## WHAT YOU ARE ASKED TO DO:
Every line below from the one containing "Busty German chick" through the one containing "Because this was" is to be printed exactly, with the pictures omitted.

## DATA UNDER STUDY:

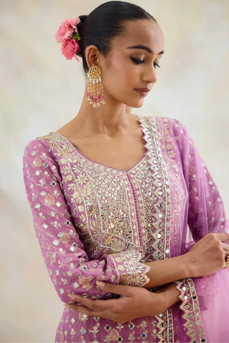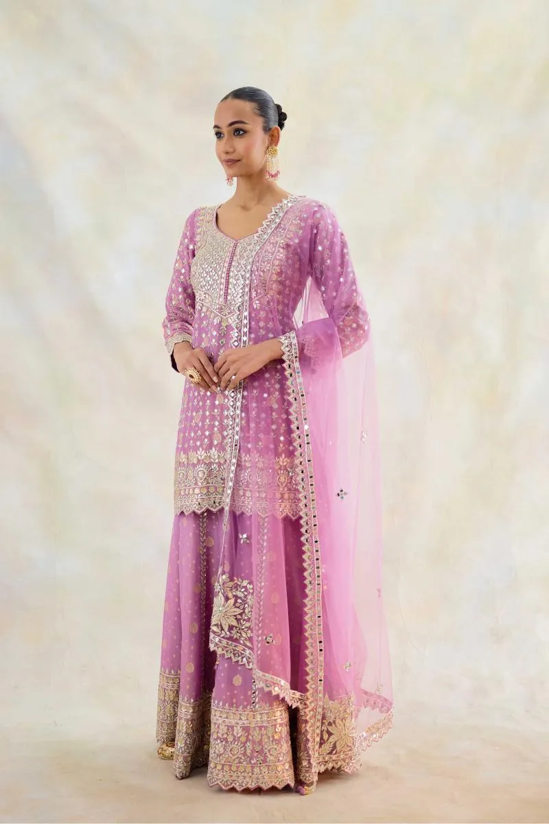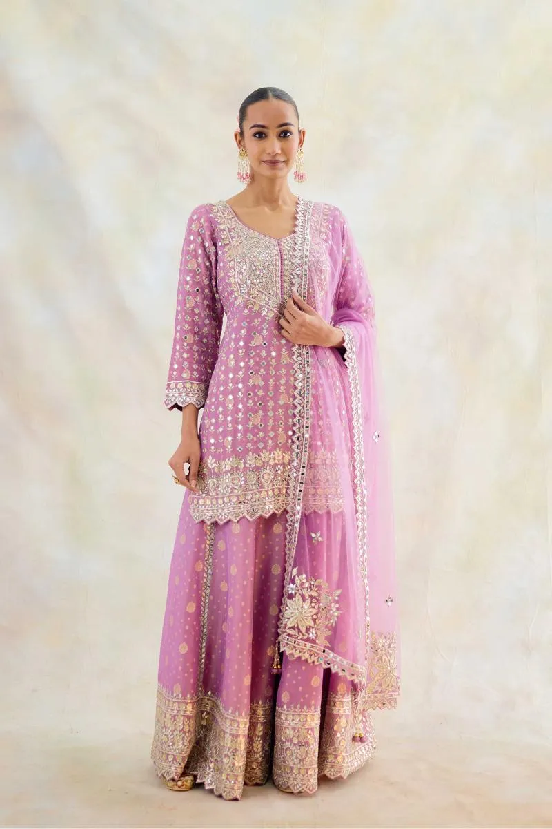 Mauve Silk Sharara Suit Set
...
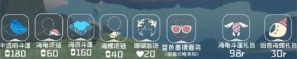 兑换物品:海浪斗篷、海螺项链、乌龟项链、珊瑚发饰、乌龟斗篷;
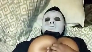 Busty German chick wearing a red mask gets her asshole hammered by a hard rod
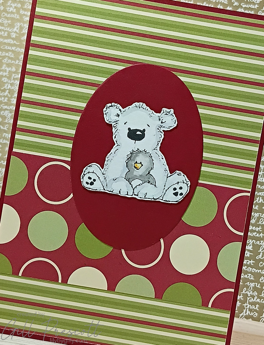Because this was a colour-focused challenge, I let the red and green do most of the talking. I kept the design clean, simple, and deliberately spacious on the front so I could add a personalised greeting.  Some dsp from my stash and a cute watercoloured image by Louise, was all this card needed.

## SOLUTION FOR THIS PROBLEM:
 Busty German chick wearing a red mask gets her asshole hammered by a hard rod
Because this was a colour-focused challenge, I let the red and green do most of the talking. I kept the design clean, simple, and deliberately spacious on the front so I could add a personalised greeting.  Some dsp from my stash and a cute watercoloured image by Louise, was all this card needed.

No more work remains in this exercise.